Sunday, January 22, 2023

What is the Right Team Size?

Team in front of Computer Code, generated by DALL-E 2

 What is the right size for a team? Can it be too big or too small? I worked with a team once that had 3 developers. They spent most their time mob programming in front of a 42 inch monitor, taking turns at the keyboard. They didn't need to do traditional stand-ups because they were swarming around one thing at a time. The Scrum Master kept an eye open for impediments, but otherwise was focused on the next thing that would improve the team's productivity. 

I also worked with a team of 15. My first thought was that was too big, but as I watched the team work, I saw that wasn't the case. The team was doing data-science kind of work. They needed people who could write SQL to pull data from legacy systems and put it in data lakes and people who could take that data and package it in a report with Tableau. For this team, having all the skills on one team meant they didn't have dependencies with other teams. 

An often cited paper by George Miller states the magic number at 7 +/- 2 people (sometimes referred to as Miller's Law). The 2-pizza rule says a team should be small enough to feed with 2 pizzas. Robin Dunbar's research suggests 15 is the upper limit of the number of people we can deeply trust. 

There are other considerations beyond just the number of people. As I pointed out in my last post, dependencies slow teams down. My 15 person team was big, but still effective at delivering because they didn't have dependencies on other teams. 

This larger team also had true cross-functional skills. My smaller team was effective because they were developing in a narrow field and didn't need a broad range of skills. However, if they found they were having dependencies on another team because of a missing skill, enlarging the team to include this skill could be a smart move. 

In the book Team Topologies, Matthew Skelton and Manuel Pais talk about cognitive overload. Teams can only handle a limited number of different areas of focus. If the team is asked to do too many different types of work, the effectiveness of the team will suffer. Just like individuals can't multi-task effectively, neither can teams. So when deciding on the team composition, this should also be taken into account. My 15 person team was probably suffering from cognitive overload, but I wasn't looking for that at the time. 
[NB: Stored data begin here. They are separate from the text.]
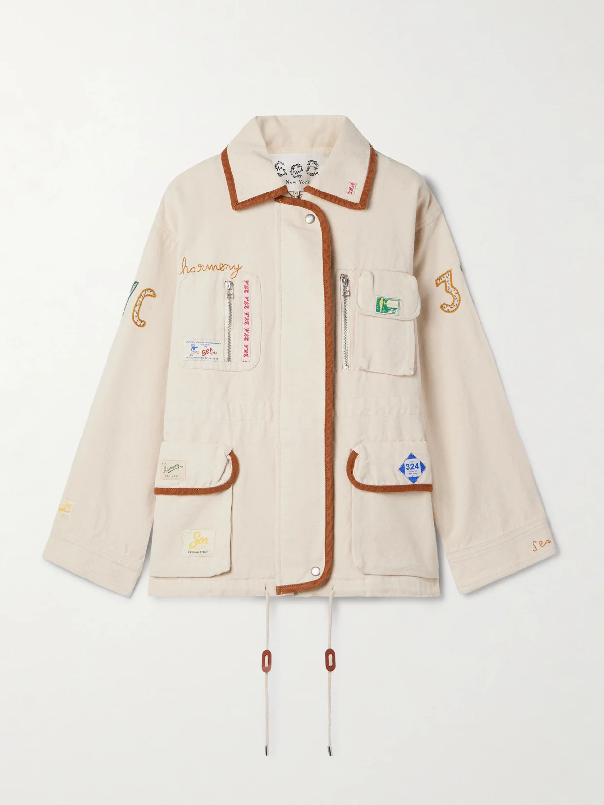 Inspired by workwear styles, Sea's 'Carolyn' jacket is appliqued and embroidered with a variety of playful patches and numbers to give it a more personalized feel. It's made from durable cotton-canvas and has contrasting trims and adjustable drawstring ties at the hem. The loose fit allows for easy layering.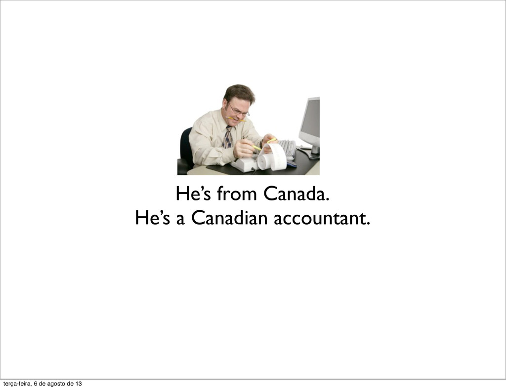 He’s from Canada. He’s a Canadian accountant. terça-feira, 6 de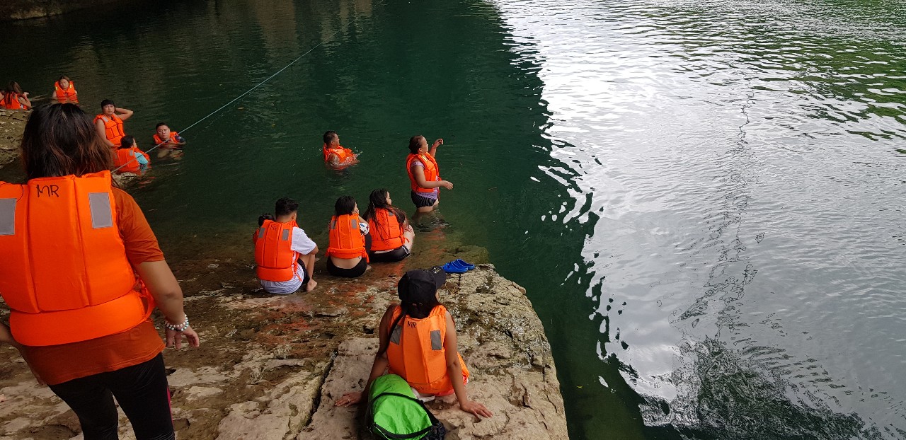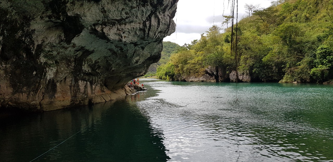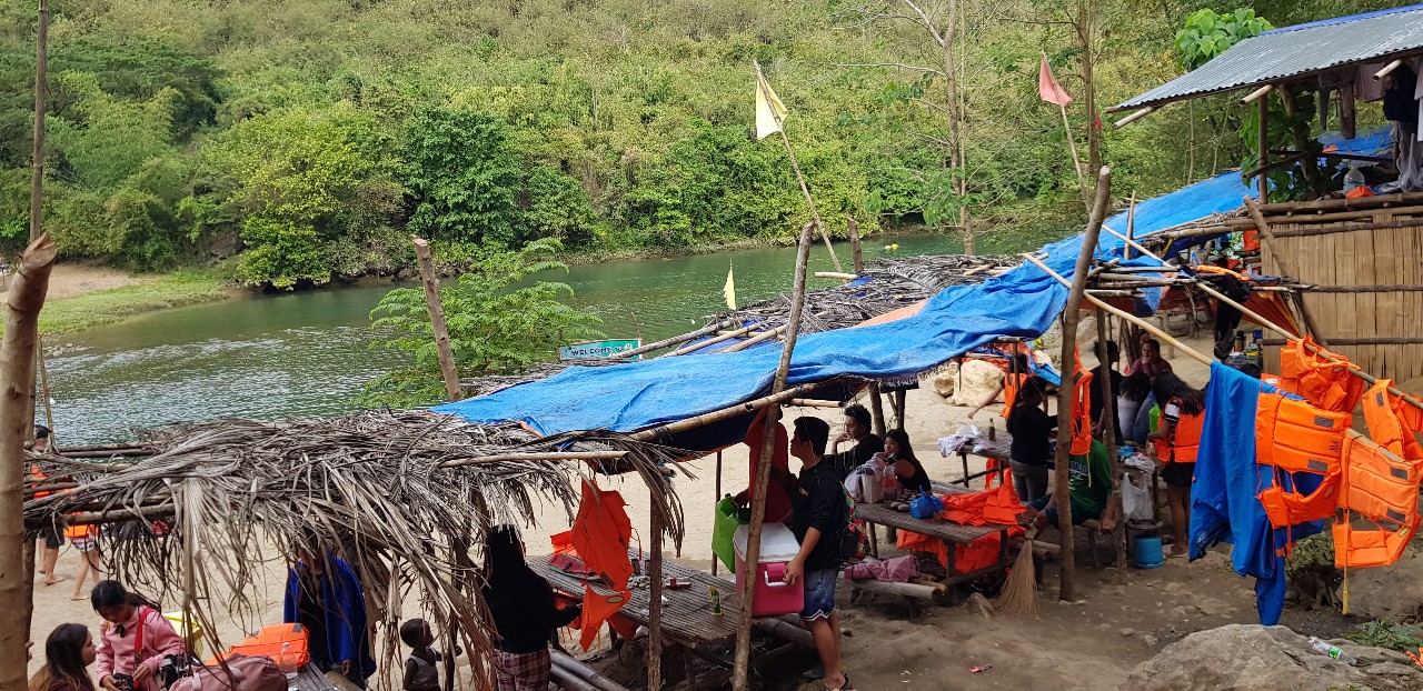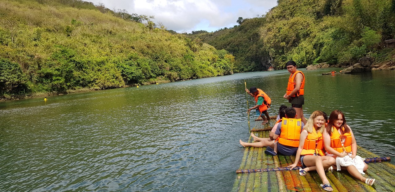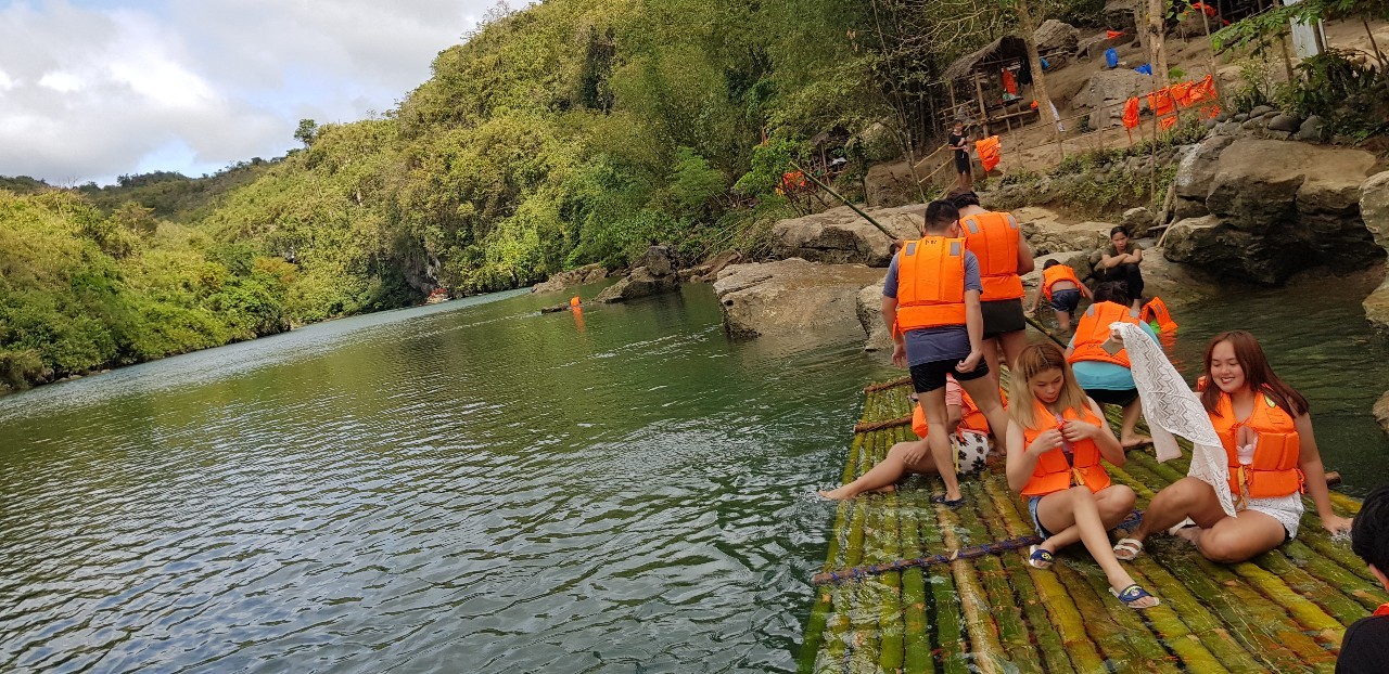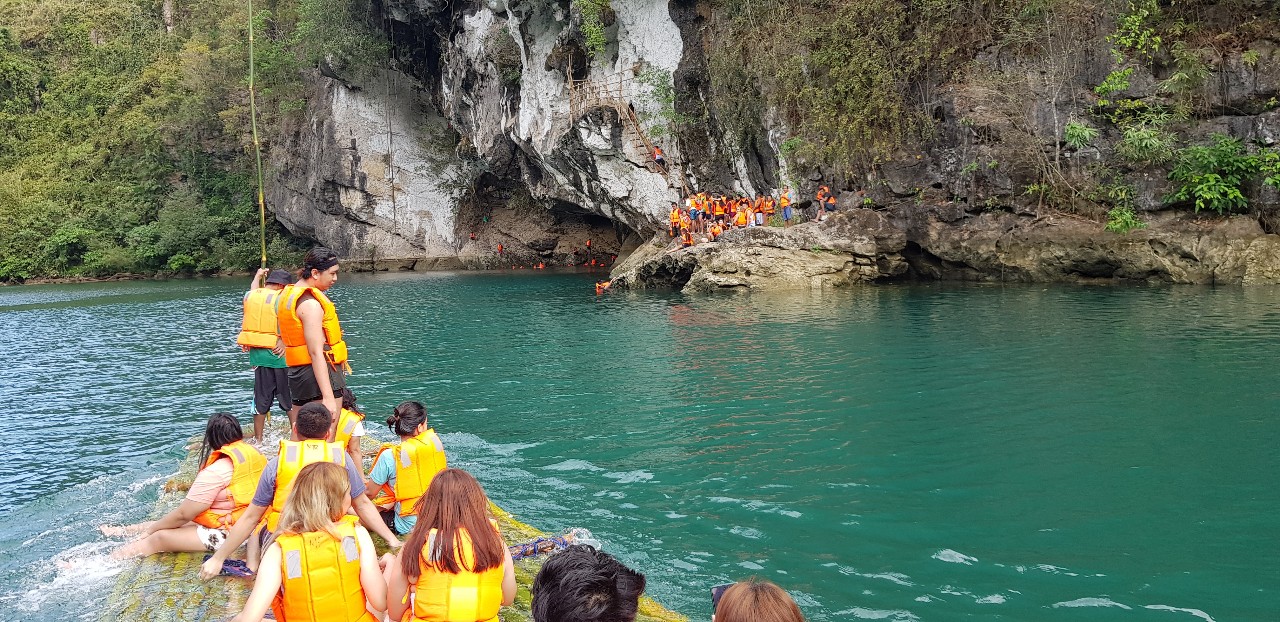 대나무로 만들어진 땟목 일명 "발사" 를 타고 강 상류에 위치한 동굴을 둘러봅니다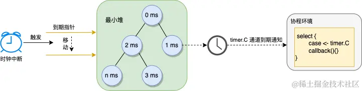 - 而 Go 语言中的定时器回调是利用了 channel 信号通道来实现的。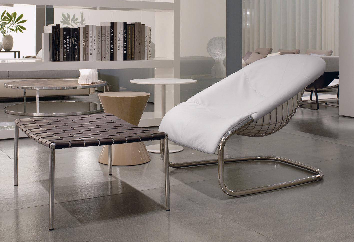 Its lightweight metal structure, which seems to defy the force of gravity, makes for a considerably more versatile use, in a variety of combinations with all the sofas from the Minotti collection.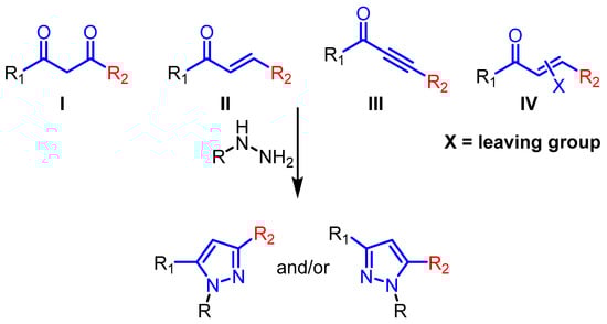 2.1. Cyclocondensation of Hydrazine and Its Derivatives on 1,3-Difunctional Systems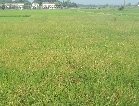 稗草危害的田块                                                           (千金子危害的田块)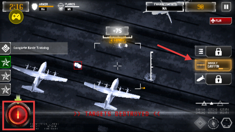 3、根據(jù)敵人類型切換武器,如使用【MISSILEGRIFFIN】攻擊車輛類目標(biāo),提升攻擊效率和任務(wù)完成度。
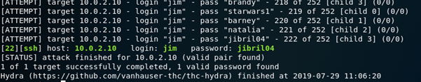 Using this list of passwords in Hydra (hydra –l jim –P [location of wordlist] ssh://10.0.2.10 –f –V –t 4) against Jims account successfully returns Jims password as jibril04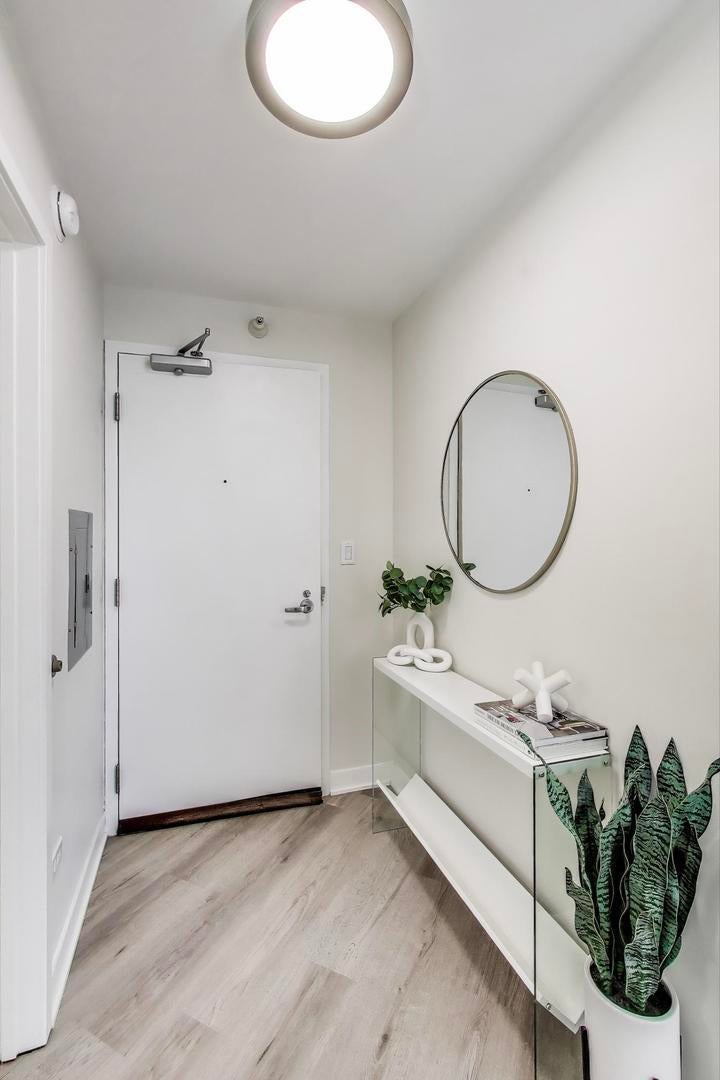 Modern & Stylish 1-Bedroom Condo - Updated and Move-In Ready! Welcome to this beautifully updated 1-bedroom, 1-bathroom condo offering the perfect blend of comfort, style, and convenience. Featuring an open-concept layout, this unit boasts a bright living space with large windows that flood the room with natural light. The modern kitchen is equipped with stainless steel appliances, quartz countertops, and custom cabinetry-ideal for both everyday living and entertaining. The spacious bedroom offers a peaceful retreat with ample closet space, while the renovated bathroom features sleek finishes, a new vanity, and contemporary tile work. Additional highlights include luxury vinyl plank flooring and in-unit laundry. Located in a well-maintained building with many amenities. Indoor lap pool and spa, fitness center, outdoor terrace with grills and herb garden, business center, party room, dog walking area. On-site management and maintenance. 24-hour door person. Near transportation, grocery stores, shopping and restaurants. Short walk to lake, riverwalk and Pritzker Pavilion. Connected to Chicago's pedway.
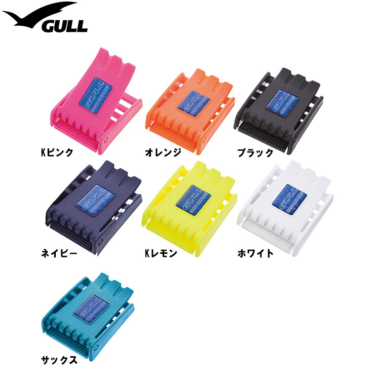 GULLのプラスチック性ウェイトバックル。カラー全7色:蛍光ピンク、オレンジ、ブラック、サックス、ネイビー、蛍光レモン、ホワイト

Too often I see teams put together without much thought. Worse yet is when people are partially allocated to more than one team. I think regardless of what framework or methodology you are using, you need to start off with deliberate thought about how to set up teams. I would recommend the book Team Topologies for guidance on this topic. 

Wednesday, January 04, 2023

Even the Best Chefs can't make a bad recipe taste good; why someone else's Agile Transformation recipe may not work for you

 I've been reflecting on some of the agile transformations I've been involved in over the past few years. In some cases, I see some real progress made. Other times it seems like just re-arranging the deck chairs on the Titanic. An organization follows some recipe, but they don't get the results. Why?

I was working with a large financial institution. They had adopted the "Spotify Model" (yes I know, it's not a real thing) and after that they adopted another scaling framework. I came in and started looking at what was going on and discovered they had a huge challenge with dependencies across teams and products. They failed to realize how much the dependencies on other teams was slowing any one team down.

I took some on-line training recently, a course called Agile Physics - the Math of Flow led by Troy Magennis. In it, he talks about Amdahl's law, which was developed in the late 60s to explain parallel processing. The bottom line is that there is always going to be a limit on how much additional output you can get by adding more processing power. Troy points out the law applies to people and teams as well as CPUs.

One source of the limit is how much can be done in parallel, or said another way, how much dependency there is between teams. So two processors (teams) in parallel with no dependencies can produce twice the output of one. However, as less of the work can be done in parallel (ie, dependencies), the output drops. Using the formula Amdahl developed, if you have 4 teams and 80% parallelization, your output is 2.5 (not 4). If you want to learn more, take the's free and some really interesting ideas.

Back to my client with all the dependencies. What could have helped them? Maybe if before they applied the recipe for scaling, they took some time to look at how their teams were set up and came up with a better approach there, that is, one that reduced/eliminated dependencies. More on this idea in a future blog post.